▶ _WORK INSTRUCTIONS_: The answer must consist solely of the lines from the one with "Talia 6-zits modulaire" through the last line of the data, copied exactly, with no pictures.

▶ _DATASET EXCERPTS_:
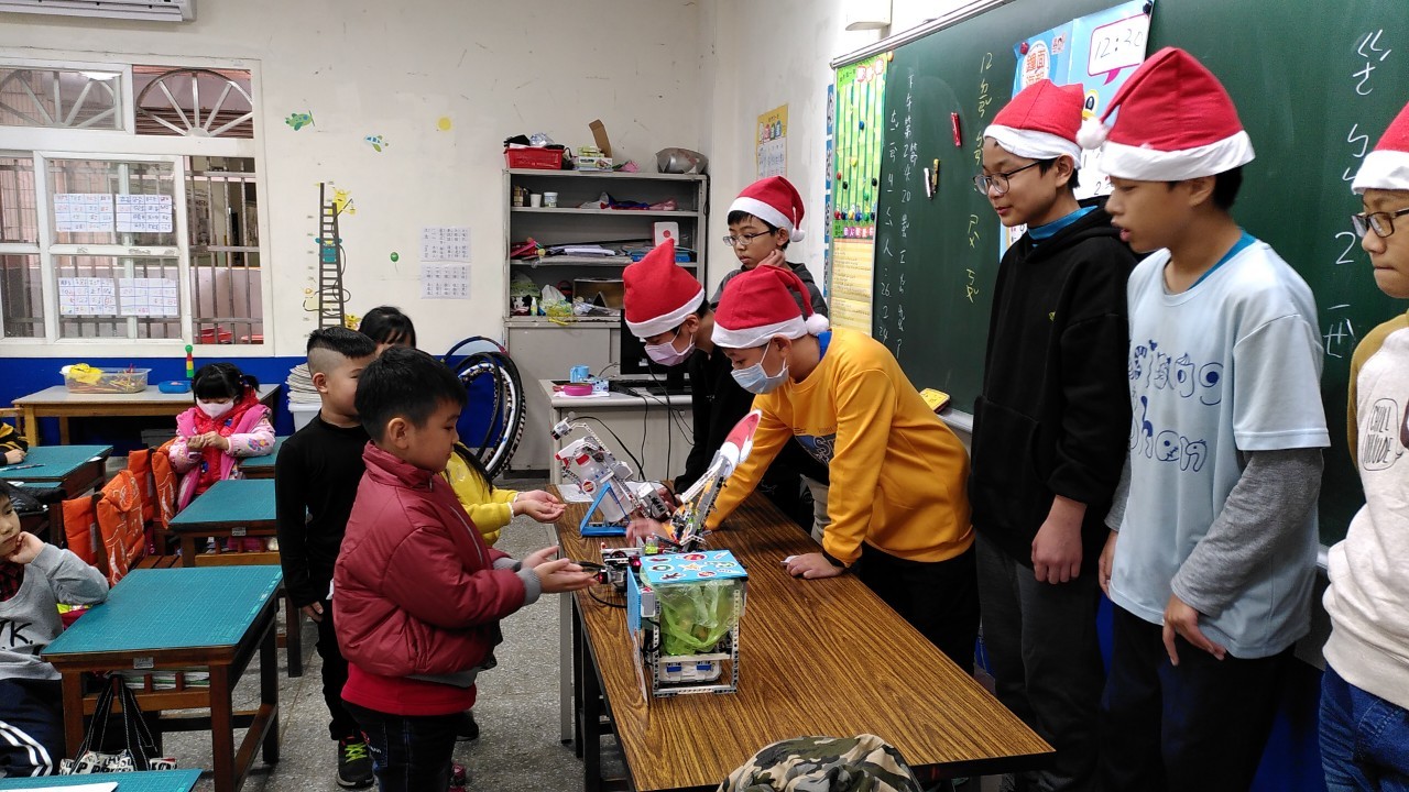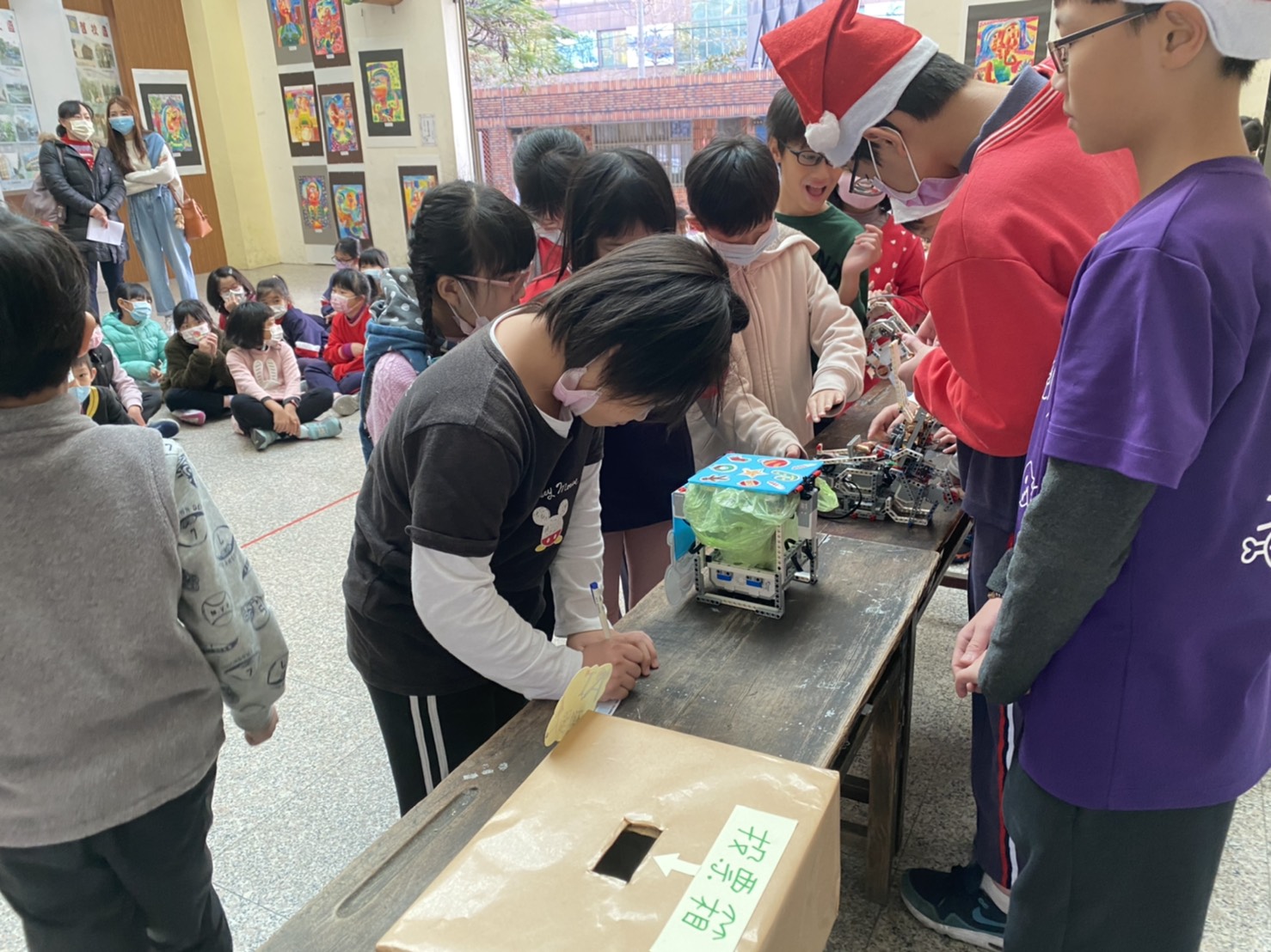 在課堂中,除了循跡車、長臂夾,更設計了酒精消毒機器人、糖果機和感應垃圾桶,在聖誕節時,入班或在中廊進行全學年的展演活動,讓其他尚未學習到程式的學弟妹或未曾接觸過的同學年同學,進行一個有趣的體驗活動,大家對這樣的人工智慧機器人大開眼見,還有好多低年級小學弟妹當場就預約:我要去參加!完成體驗後的孩子,也給這些展演的學長們投下支持的一票,給社團團員大大的鼓勵!
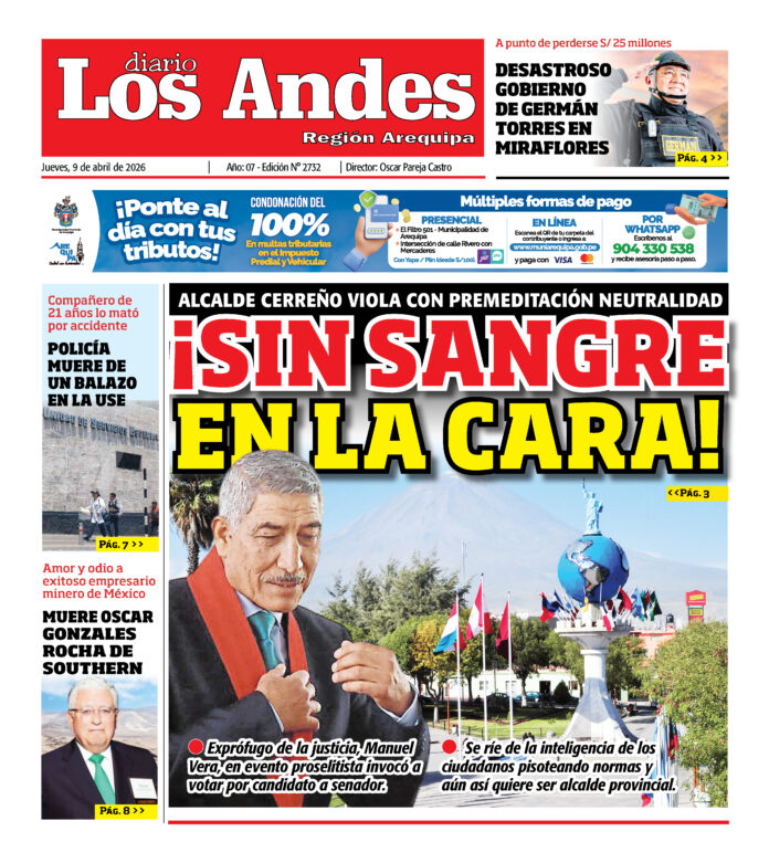 Por: admingeneral Fecha: abril 9, 2026 DIARIO DIGITAL DIARIO LOS ANDES AREQUIPA: 09/04/2026 Vistas: 12 Artículo anteriorDIARIO LOS ANDES AREQUIPA: 08/04/2026Artículo siguienteDIARIO LOS ANDES PUNO: 09/04/2026 admingeneralhttp://adminlosandes DEJAR UNA RESPUESTA Cancelar respuesta Comentario: Por favor, introduzca su comentario Nombre:* Introduzca aquí su nombre Correo electrónico:* Ha introducido una dirección de correo electrónico incorrecta Introduzca aquí su dirección de correo electrónico Página web: Guarda mi nombre, correo electrónico y sitio web en este navegador para la próxima vez que comente. Compartir post: FacebookTwitterPinterestWhatsApp Suscríbete Quiero entrar He leído y acepto la Política de Privacidad. Populares DIARIO LOS ANDES PUNO: 09/04/2026 Autoridades de salud de Perú y Bolivia coordinan acciones para frenar el sarampión en la frontera Se incrementan hurtos en la región Arequipa Rospigliosi condenado por “terruquear” Arequipa: Regidora que denunció a Bolliger pide garantías Más vistosMás vistos DIARIO LOS ANDES PUNO: 09/04/2026 admingeneral - abril 9, 2026 Autoridades de salud de Perú y Bolivia coordinan acciones para frenar el sarampión en la frontera admineditor - abril 8, 2026 Ante la preocupación por el incremento de casos de... Se incrementan hurtos en la región Arequipa admineditor - abril 8, 2026 Redacción: Diario Los Andes Pese a la reducción de... Rospigliosi condenado por “terruquear” admineditor - abril 8, 2026 Redacción: Diario Los Andes El presidente del Congreso, Fernando...
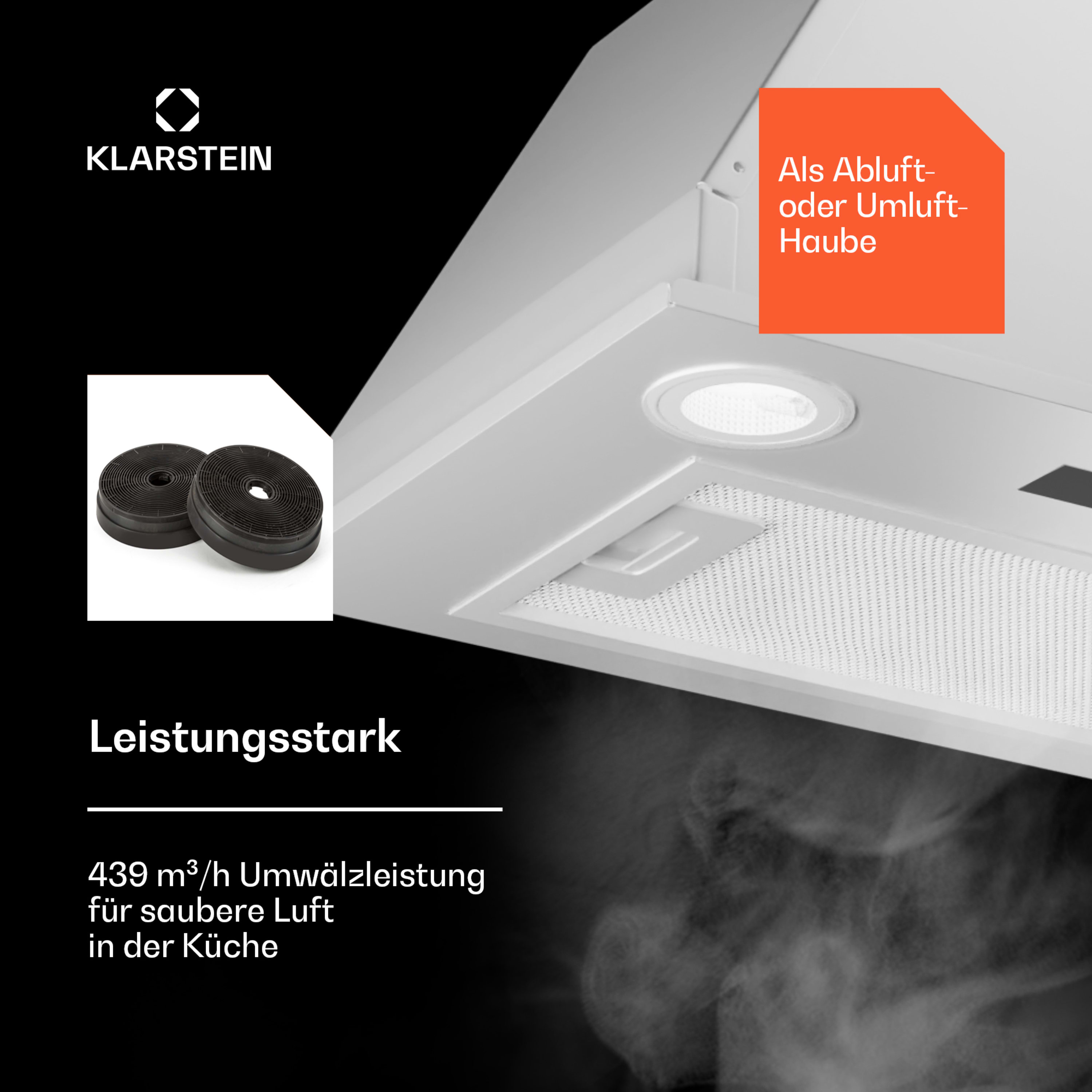 Beste Luft in der Küche: Die Klarstein Paolo 52 Unterbau-Dunstabzugshaube verschwindet randlos in der Küchenhänge. Von dort beseitigt sie schwungvoll Dampf und Dunst beim Kochen - mit bis zu 439 m³/h Abluftleistung in drei Geschwindigkeiten bei nur 44 dB auf niedrigster und 60 dB Betriebsgeräusch auf höchster Stufe. Per unkomplizierter Touch-Bediensektion kannst du Lüftung und Beleuchtung steuern und ein Abschalttimer lüftet auf Wunsch für 1 bis 9 Minuten nach und schaltet das Gerät danach ab.
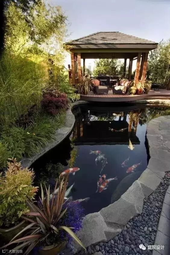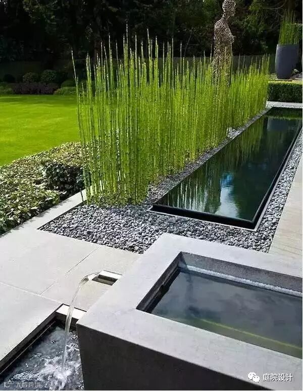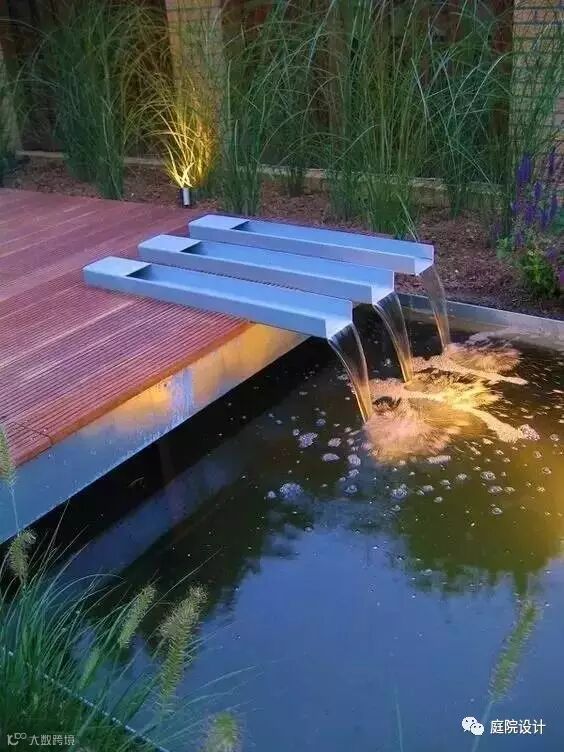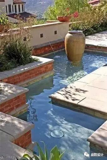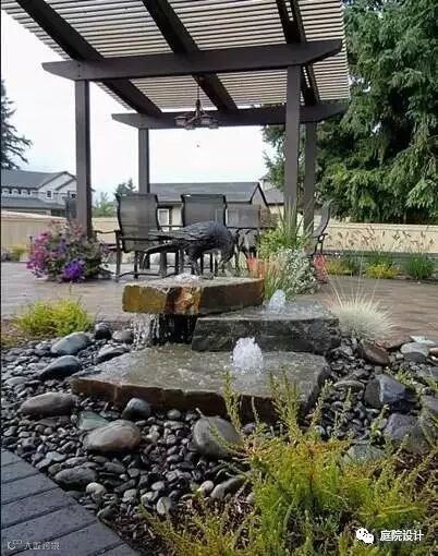 水因为形式多样、轻盈灵动等特性,多被运用于景观设计上,如果在庭院里建造一两处水景,将会使你的院子整个活了起来。
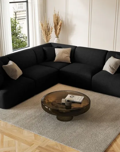 Talia 6-zits modulaire symmetrische hoekbank zwart - 255x255x70 cm
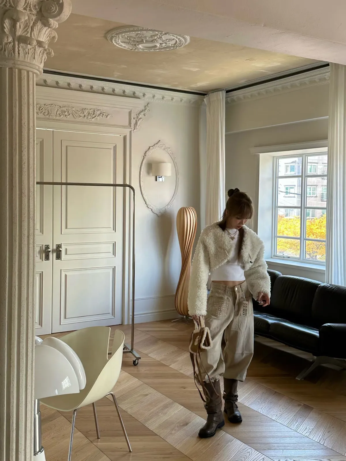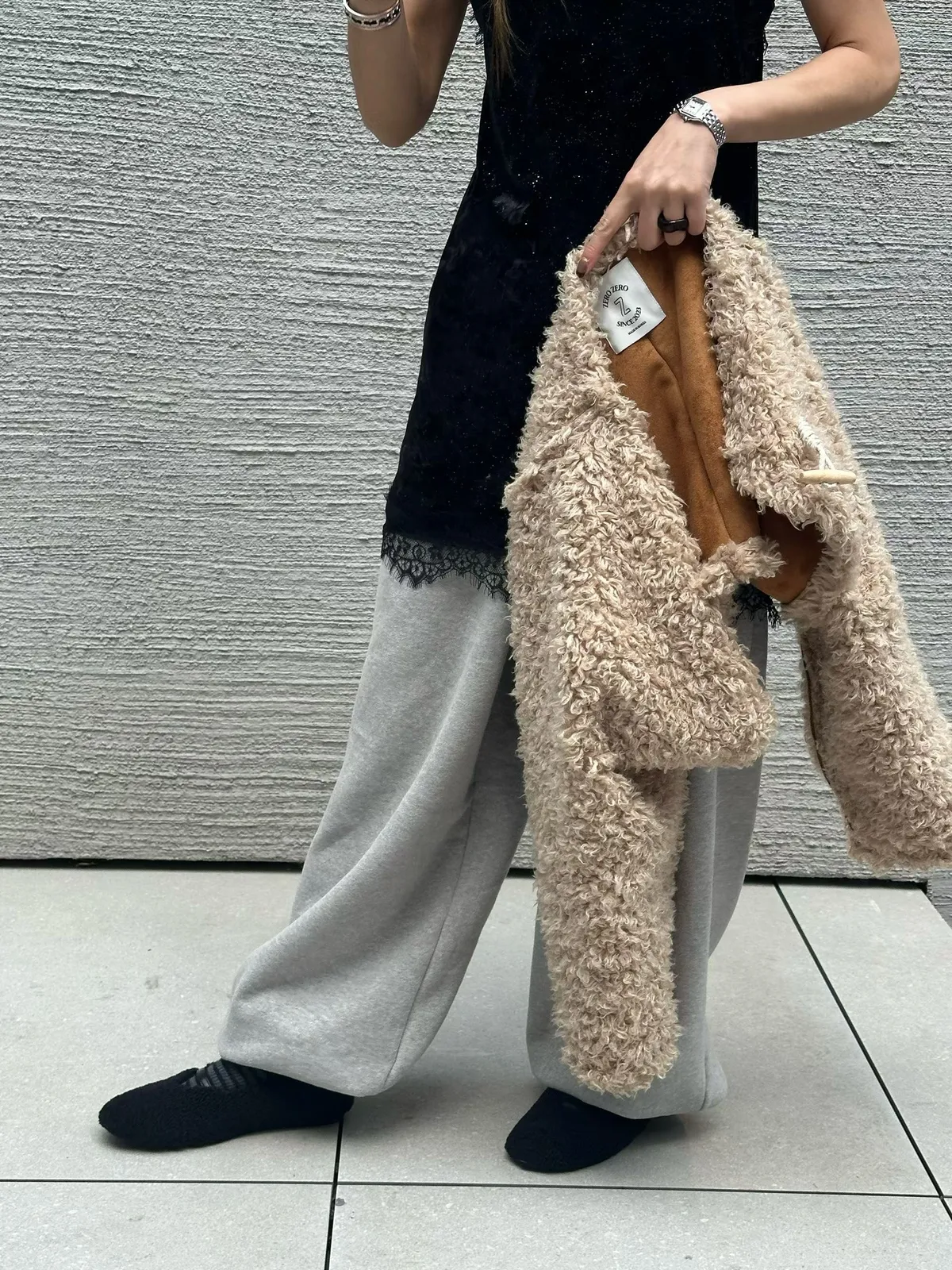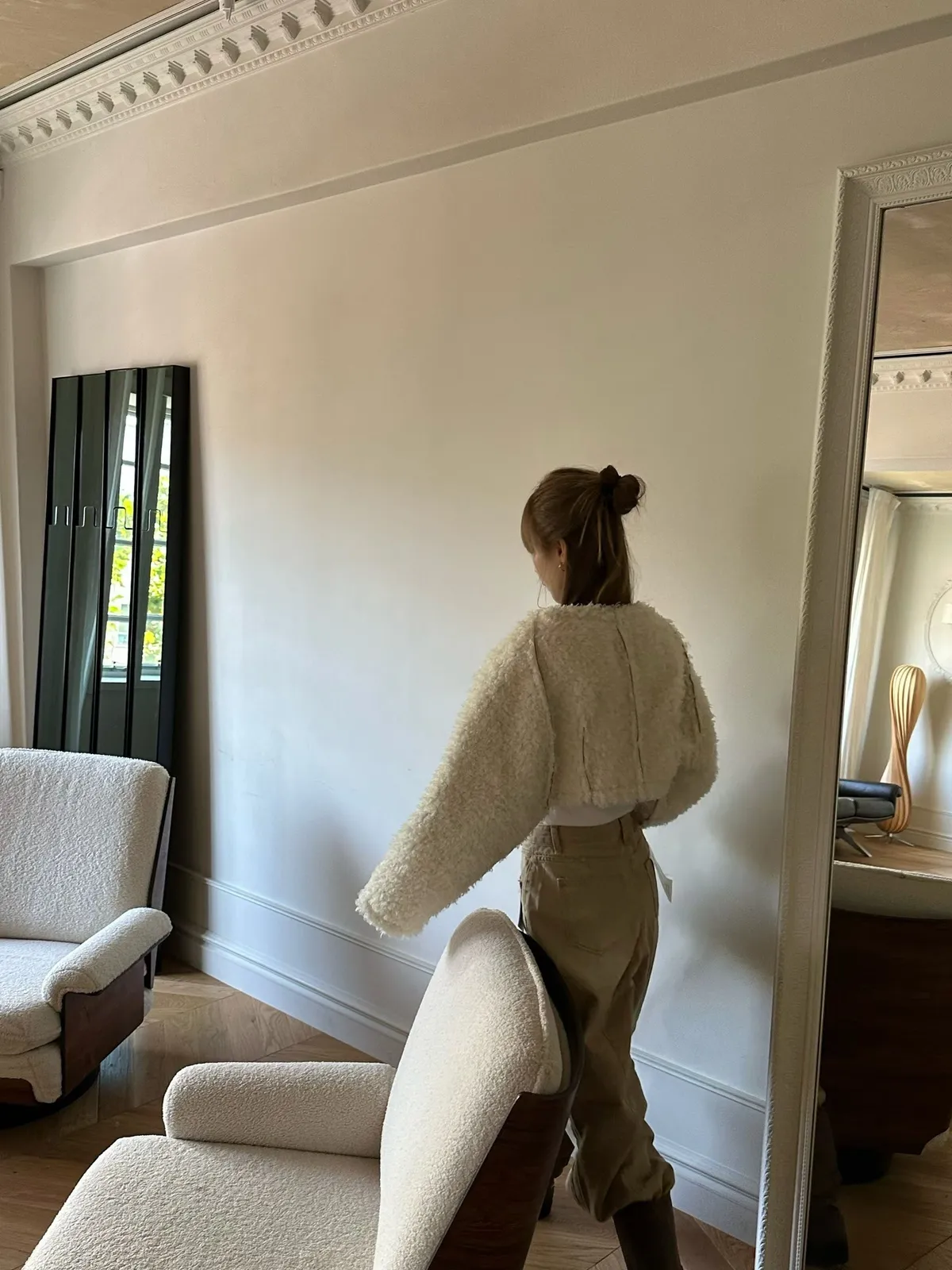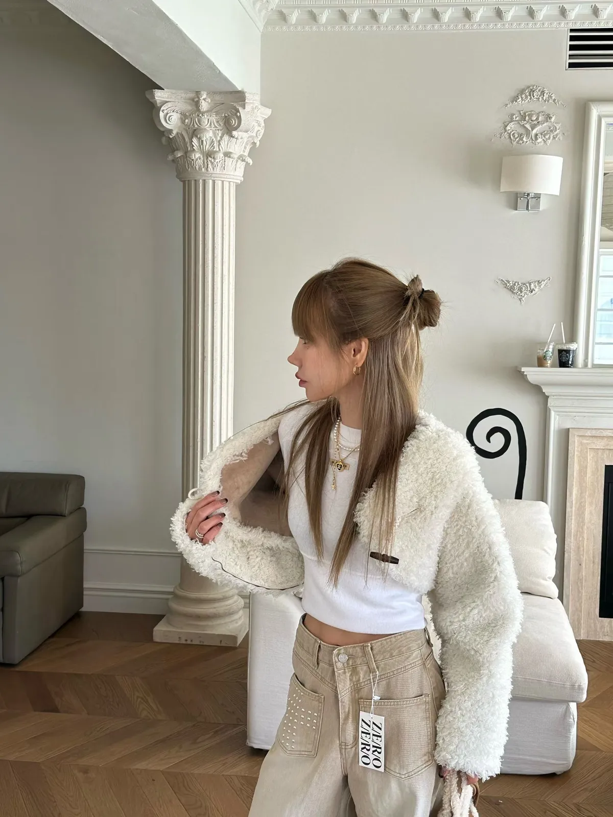 25JK20 卷毛毛麂皮短版牛角扣外罩 3色

▶ _PROBLEM SOLUTION_:
 Talia 6-zits modulaire symmetrische hoekbank zwart - 255x255x70 cm
 25JK20 卷毛毛麂皮短版牛角扣外罩 3色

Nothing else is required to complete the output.